Additionally, Brookfield Infrastructure is not shy about acquiring new enterprises. In just the past year, it has committed $1.5 billion to various deals, which include a U.S. refined products pipeline system, a comprehensive fiber network, and innovative fuel cell systems for data centers. These initiatives enable Brookfield to project cash flow increases upwards of 10% each year, leading to expected dividend hikes in the range of 5% to 9% annually. Since 2009, Brookfield has enjoyed a compound annual growth rate of 9% in its dividends.

Exxon Mobil ((NYSE:XOM)) boasts a dividend yield slightly above 3%. This oil and gas behemoth supports its dividends through a large, integrated global business network, which helps mitigate the impact of crude oil price volatility on profits. Exxon’s financial footing is notably robust.

This industry leader anticipates even greater profits ahead. By 2030, the company envisions an increase of $25 billion in revenue and a $35 billion rise in cash flow compared to 2024 figures, all while maintaining consistent prices and margins. Their strategy focuses on structural cost reductions as well as capital projects that promise high returns.

Exxon’s blueprint indicates it could amass around $145 billion in surplus cash over the next five years if oil prices average about $65 per barrel. This would empower the company to consistently enhance its dividends, allowing it to maintain its top position in the sector for 42 consecutive years.

Prologis ((NYSE: PLD)) currently offers a dividend yield of 3.2%. This real estate investment trust (REIT) enjoys stable cash flow from long-term leases for its properties, which often feature annual rent increase clauses that help secure steady income growth.

Prologis operates with a conservative payout ratio and boasts one of the most robust balance sheets in the industry, giving it the flexibility to pursue growth, both in developing projects and through acquisitions. While primarily focused on logistics facilities, the company also sees opportunities in leveraging its extensive land holdings, on-site solar panel installations, and data center construction expertise to foster further growth.

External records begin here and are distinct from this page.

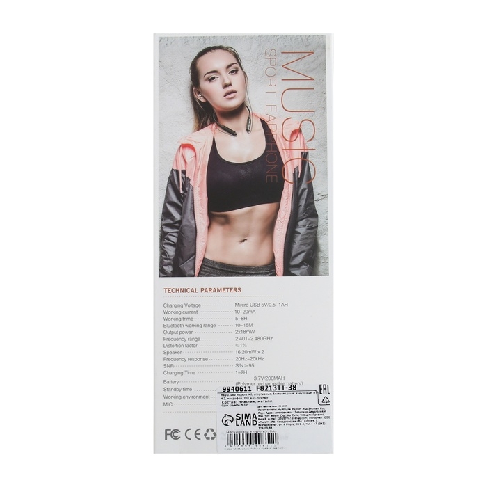 Наушники спортивные M6, беспроводные, вкладыши, ВТ 4.2, микрофон, 200 мАч, чёрные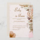 Invite your guests with this modern boho baby shower invitation featuring soft neutral tones, elegant pampas elements, and clean calligraphy.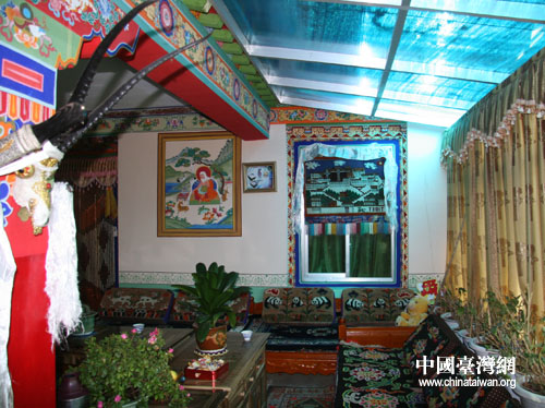 家中擺著一家人去日喀則江孜旅游時在白居寺的合影,他的兒媳婦在一旁介紹,四年前家里包了一輛中巴,去江孜旅游。女婿還指指旁邊小一點的照片說:“這是去林芝拍的,我們還去內地旅游,北京、上海都去過了。” 現在老人腿腳不好,不能經常出去了,平時只能通過看電視了解外面的事,“老人喜歡看藏語電視,聽得懂,可以知道好多事,也很高興。”
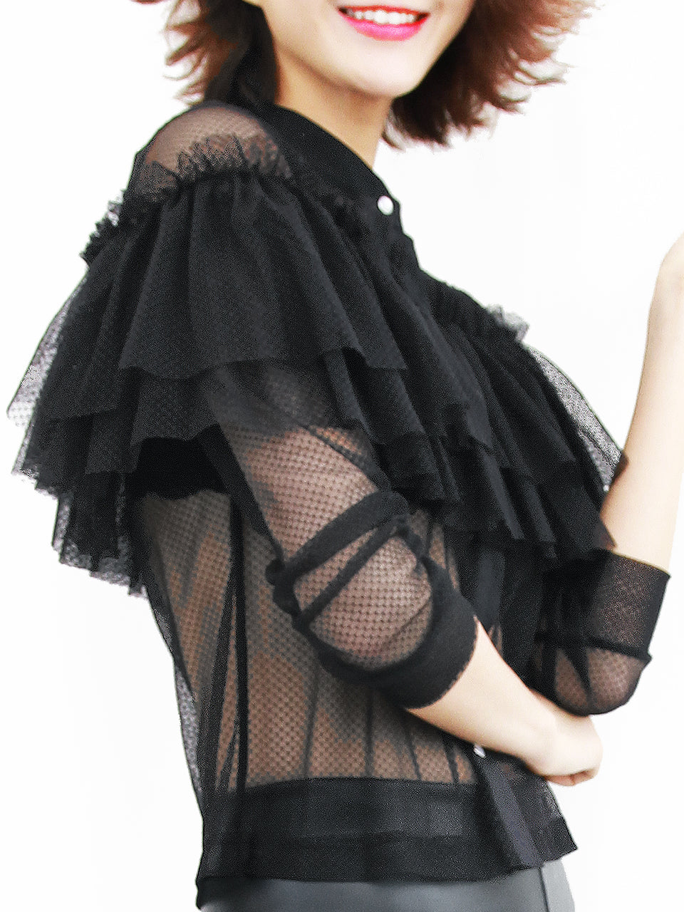 活潑的荷葉邊鑲片橫掃超薄網狀網眼上衣的正面,採用雙層泡棉荷葉邊設計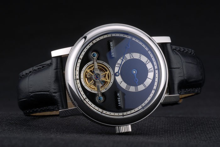Complicaciones Breguet Classique caja de acero inoxidable Negro 80158 correa de cuero

Brookfield Infrastructure, ExxonMobil, and Prologis not only provide dividends with yields exceeding 3% but are also robust financially, making them solid dividend stocks worth considering.

However, before making a decision to invest in ExxonMobil, it might be wise to explore other options as well. For instance, an analyst team has pinpointed various stocks that may outperform ExxonMobil in the near future.